TASK PROMPT:
Without changing a word, copy every line of the listing below and leave out the images.

DATA SHOWN:
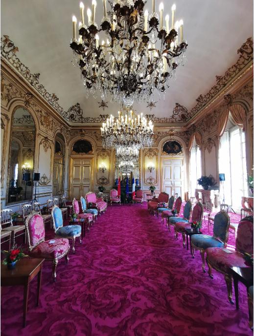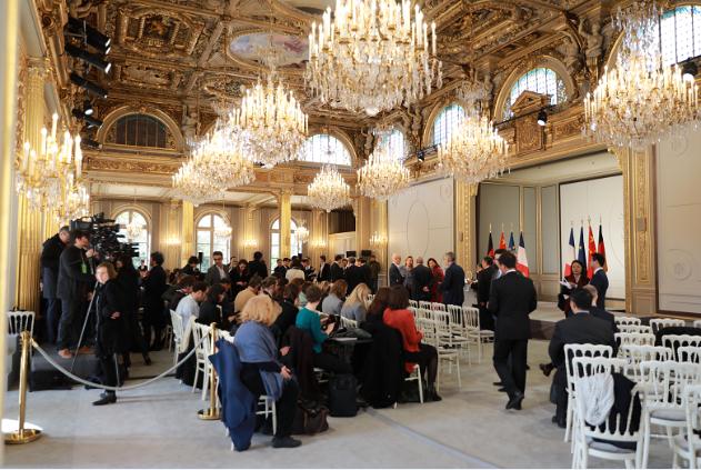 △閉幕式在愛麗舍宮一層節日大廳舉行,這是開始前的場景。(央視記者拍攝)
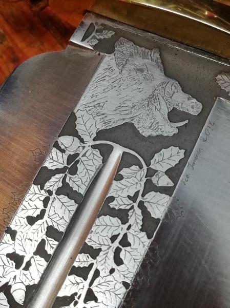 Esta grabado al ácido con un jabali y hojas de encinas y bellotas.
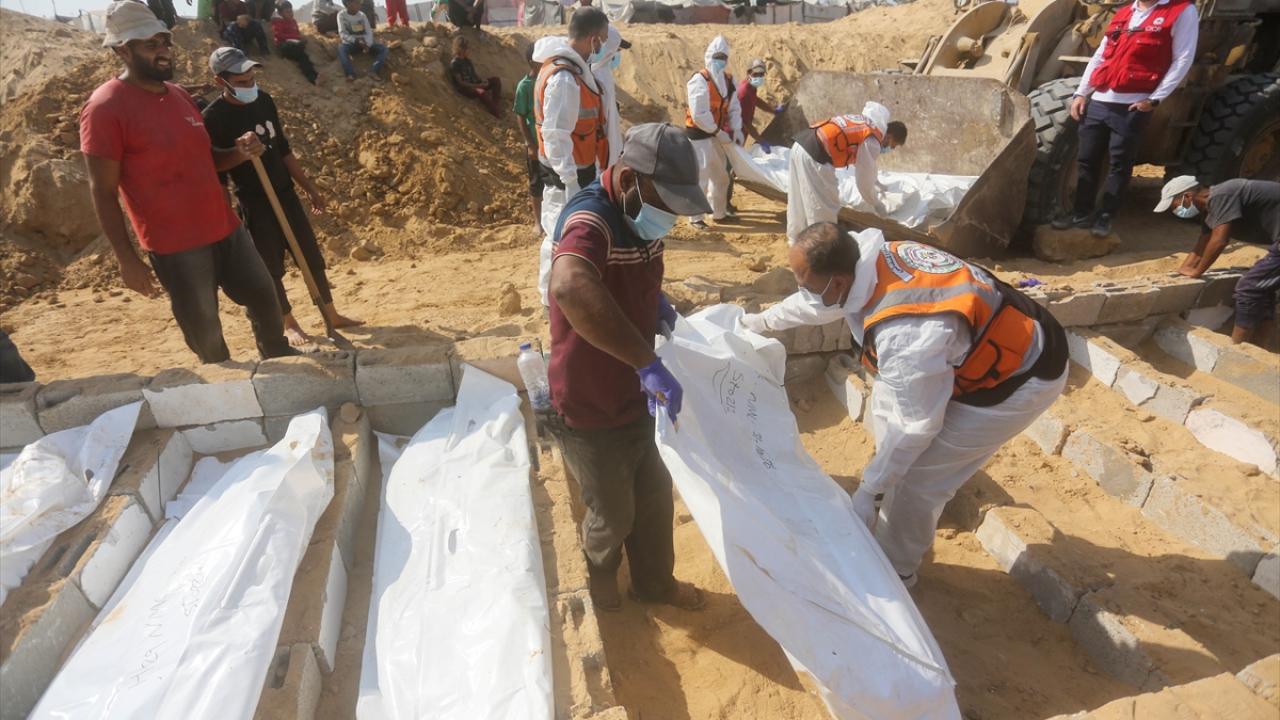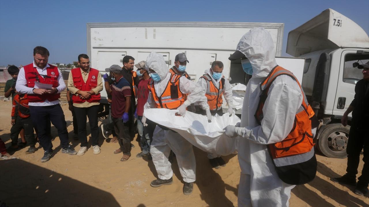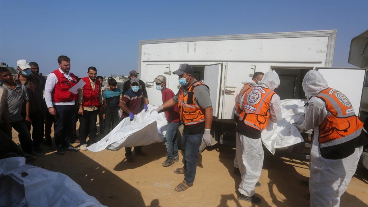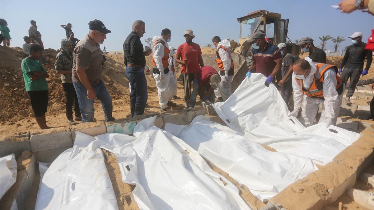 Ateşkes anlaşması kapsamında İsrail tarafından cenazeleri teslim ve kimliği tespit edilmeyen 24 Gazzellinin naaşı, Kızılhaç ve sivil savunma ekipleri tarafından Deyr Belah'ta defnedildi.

COMPLETED TASK:
 △閉幕式在愛麗舍宮一層節日大廳舉行,這是開始前的場景。(央視記者拍攝)
 Esta grabado al ácido con un jabali y hojas de encinas y bellotas.
 Ateşkes anlaşması kapsamında İsrail tarafından cenazeleri teslim ve kimliği tespit edilmeyen 24 Gazzellinin naaşı, Kızılhaç ve sivil savunma ekipleri tarafından Deyr Belah'ta defnedildi.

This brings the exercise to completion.